Print the entries exactly; skip the pictures.

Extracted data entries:
· · ·

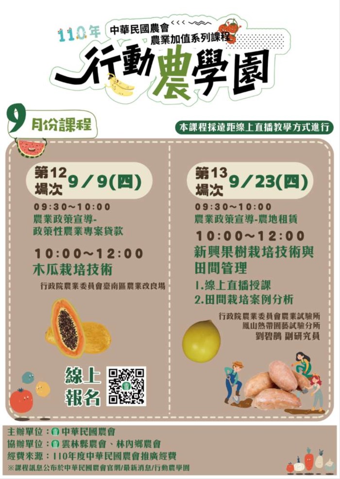 行動農學園110年9月份線上課程 --閱讀人次 : 698 一、課程名稱:中華民國農會【行動農學園】110年9月份線上課程
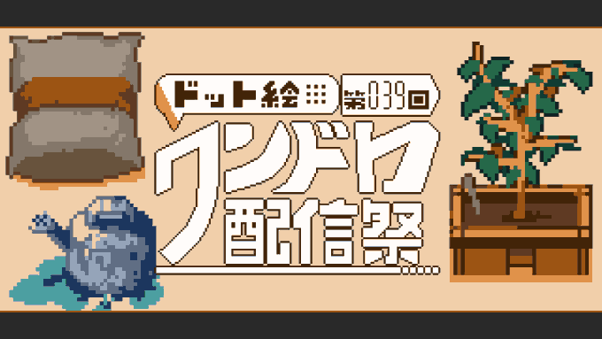 【第39回ドット絵ワンドロ配信祭】 1.説明会・雑談開始 2.19:59Youtube生配信でテーマ発表 3.20時ワンドロ開始 4.終了後『#ドット絵ワンドロ配信祭』『#1hPixelLiveFestival』でTweet ▼配信はこちらから youtu.be/SltClVtbgbg #pixelart #ドット絵
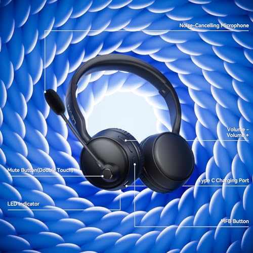 LEVN Bluetooth Headset with Microphone, Wireless Headset with Mic & Mute Button, 60 Hrs Working Time, Noise Cancelling Bluetooth Headphomes 5.3 Multipoint Connect to Cell Phone\/Mobile\/Laptop\/Ta
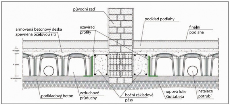 Obr. Schéma proudění vzduchu u ztraceného bednění Guttadrytek
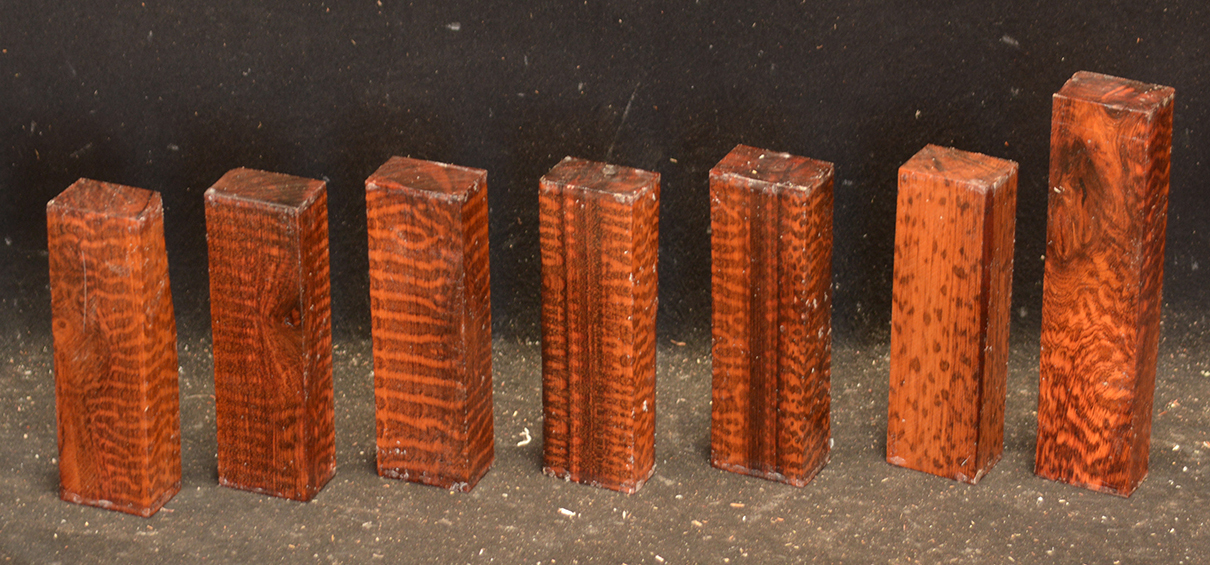 Also called Letterwood and Leopardwood. Color: dark red to reddish brown with irregular black speckles or stripes. Fine textured and highly lustrous. Very hard and heavy, 75-84 lbs/cu ft. Takes a beautiful finish. Very rare and very expensive. Guyana and Surinam.
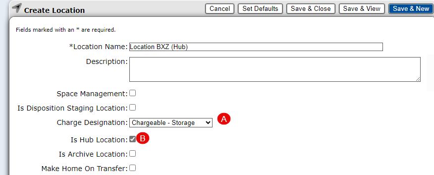The “Default current location” and the “Default home location” should be set to the barcode of a Hub Location that has been designated as a “Chargeable – Storage” Location.
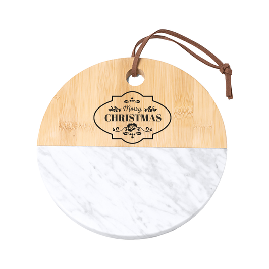 Merry Christmas - Tagliere in marmo e bamboo naturale

· · ·

RESPONSE:
 行動農學園110年9月份線上課程 --閱讀人次 : 698 一、課程名稱:中華民國農會【行動農學園】110年9月份線上課程
 【第39回ドット絵ワンドロ配信祭】 1.説明会・雑談開始 2.19:59Youtube生配信でテーマ発表 3.20時ワンドロ開始 4.終了後『#ドット絵ワンドロ配信祭』『#1hPixelLiveFestival』でTweet ▼配信はこちらから youtu.be/SltClVtbgbg #pixelart #ドット絵
 LEVN Bluetooth Headset with Microphone, Wireless Headset with Mic & Mute Button, 60 Hrs Working Time, Noise Cancelling Bluetooth Headphomes 5.3 Multipoint Connect to Cell Phone\/Mobile\/Laptop\/Ta
 Obr. Schéma proudění vzduchu u ztraceného bednění Guttadrytek
 Also called Letterwood and Leopardwood. Color: dark red to reddish brown with irregular black speckles or stripes. Fine textured and highly lustrous. Very hard and heavy, 75-84 lbs/cu ft. Takes a beautiful finish. Very rare and very expensive. Guyana and Surinam.
The “Default current location” and the “Default home location” should be set to the barcode of a Hub Location that has been designated as a “Chargeable – Storage” Location.
 Merry Christmas - Tagliere in marmo e bamboo naturale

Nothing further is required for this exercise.